Research That Matters (January 17 - 20, 2008)
|Saturday, January 19, 2008: 4:00 PM-5:45 PM|
|Blue Prefunction (Omni Shoreham)|
|[OTH] Introduction to Econometric Time Series Models|
|Speakers/Presenters:||Shenyang Guo, PhD, University of North Carolina at Chapel Hill|
Judith Wildfire, MA, MPH, University of North Carolina at Chapel Hill
Rebecca L. Green, MSW, University of North Carolina at Chapel Hill
Single-subject designs are popular among social work researchers to monitor clients' trajectories of change, and to evaluate process and outcome differences under various intervention and policy conditions. Although econometric time series models (ETSM) are similar to single-subject designs and are based on a more rigorous foundation of statistical theories (Nugent, Sieppert, & Hudson 2001), applications of such models are sparse in the social work literature. This workshop aims to provide an overview of ETSM to fill in the gap.
The workshop will focus on the following topics.
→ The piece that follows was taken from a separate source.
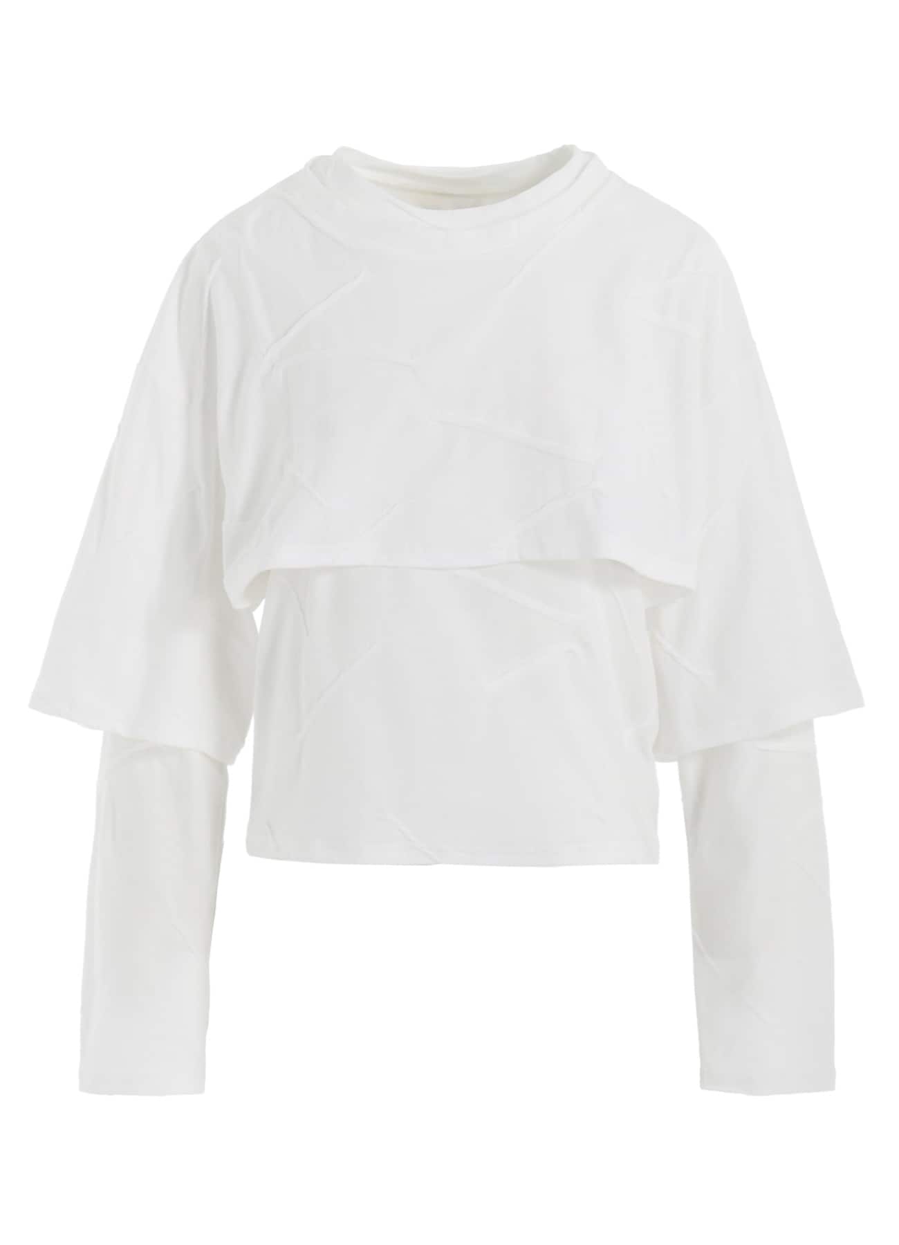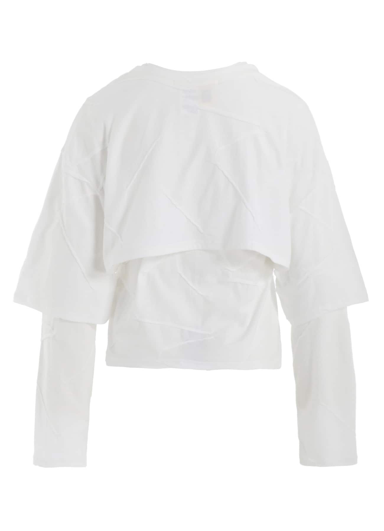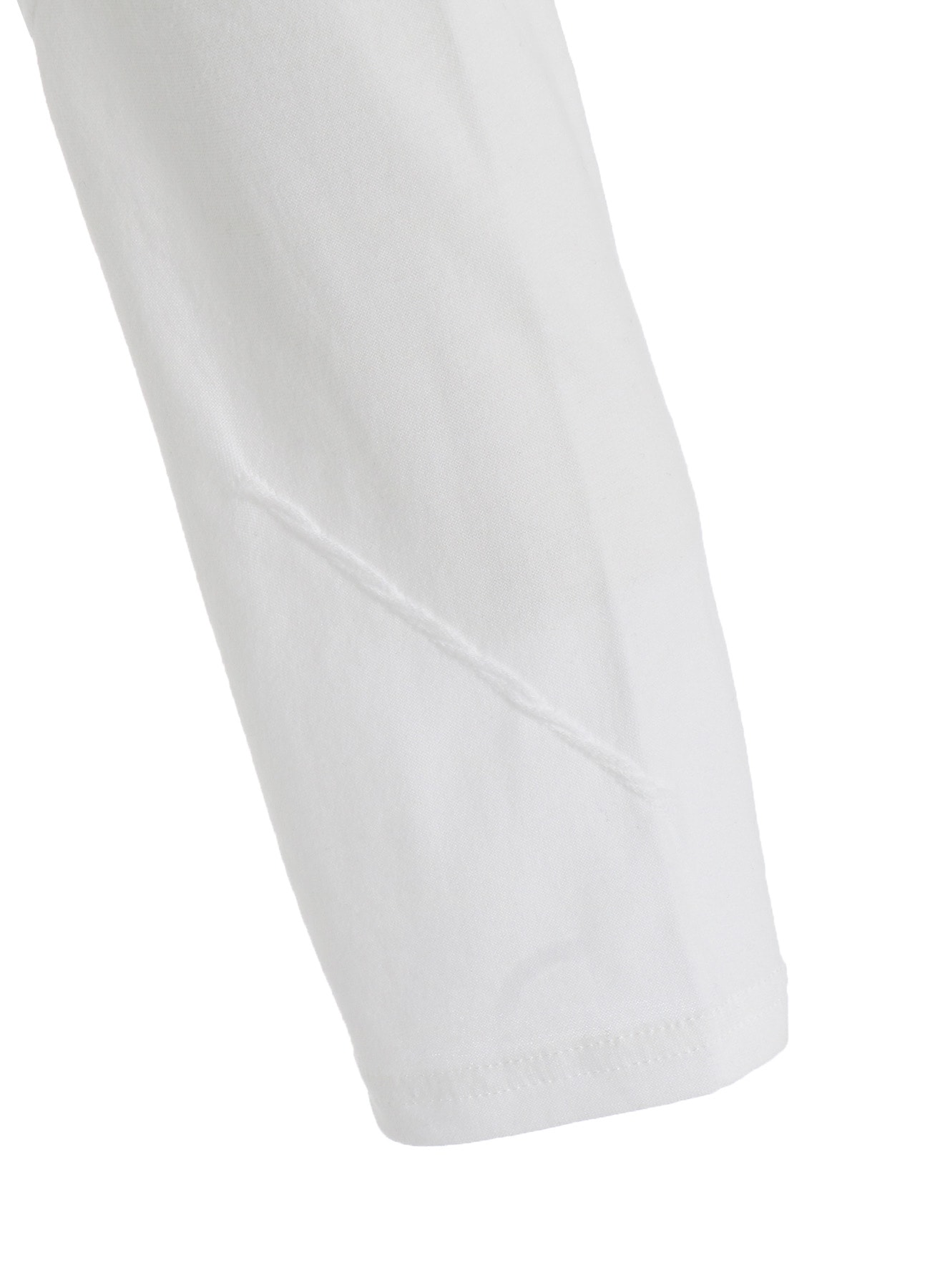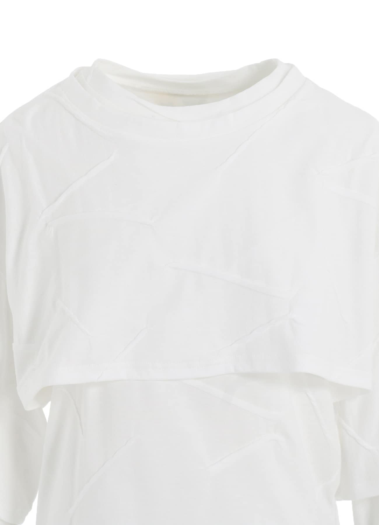 毛羽が少なく、光沢感と柔らかな風合いが特徴の綿コーマ糸を使用しています。ランダムに配置されたタック部分は編み立てが難しく、糸切れが起きないように特殊な機能を使用して編んでいます。シンプルな見た目ながらも、細部にまでこだわって編み立てたジャガードです。レイヤードデザインの為、別々にご着用頂く事ができ、別のカットソーとのレイヤードでもご着用頂けます。

1. Definition and illustration of time series data. In statistics, a time series is a sequence of data points, measured typically at consecutive times and spaced at equal time intervals (Wikipedia, 2007). A time series may be outcome data observed at successive times for an individual, or outcome data observed at successive times for a group of individuals (e.g., an agency or a county). A distinctive feature of such data is non-permissible of missing data at any time point. 2. The stationary assumption. Most time-series models assume a stationary process, which is a stochastic process whose probability distribution at a fixed time is the same across all time points (Wikipedia, 2007). In social work applications, this means a fixed mean and variance of time series at all times. 3. Why the method is useful in social work research? Child welfare researchers often use an individual-level approach (such as survival analysis) to analyze foster care outcomes. An aggregate-level approach using time series data can address important research questions than the individual-level analysis, simply because “individual- and aggregate-level dynamics are inseparable” (Wulzcyn, 1996). 4. Curve smoothing approaches. In order to remove random fluctuations and thereby reveal trends in the time-series data, analysts often need to conduct curve smoothing before observing trends graphically. We will present results of a comparative study of four smoothing techniques: simple moving averages, weighted moving averages, exponentially weighted moving averages, and locally weighted regression with a tricube kernel or lowess (Fox, 2000; Pindyck & Rubinfeld, 1998; SAS, 1995), and conclude that the lowess approach is the best among the four. 5. Statistical models. When modeling time series data with a limited number of units (say, n < 10), one may consider an autoregressive regression model, which assumes an error term that follows an autoregressive process with a given order of AR(p). When modeling time series data of multiple units (n > 10), one may use a growth curve analysis or HLM with either an autoregressive or an unstructured variance-covariance matrix of random effects.
We will use a real example evaluating the North Carolina's Title IV-E Waiver Demonstration program to illustrate all points listed above. The most important finding of the study is that the Waiver counties did not differ substantially from the non-waiver counties in terms of the shape of change trajectory and the rate of change; without the Waiver Demonstration, these counties could have experienced a faster increase in number of entries into placement than the non-waiver counties.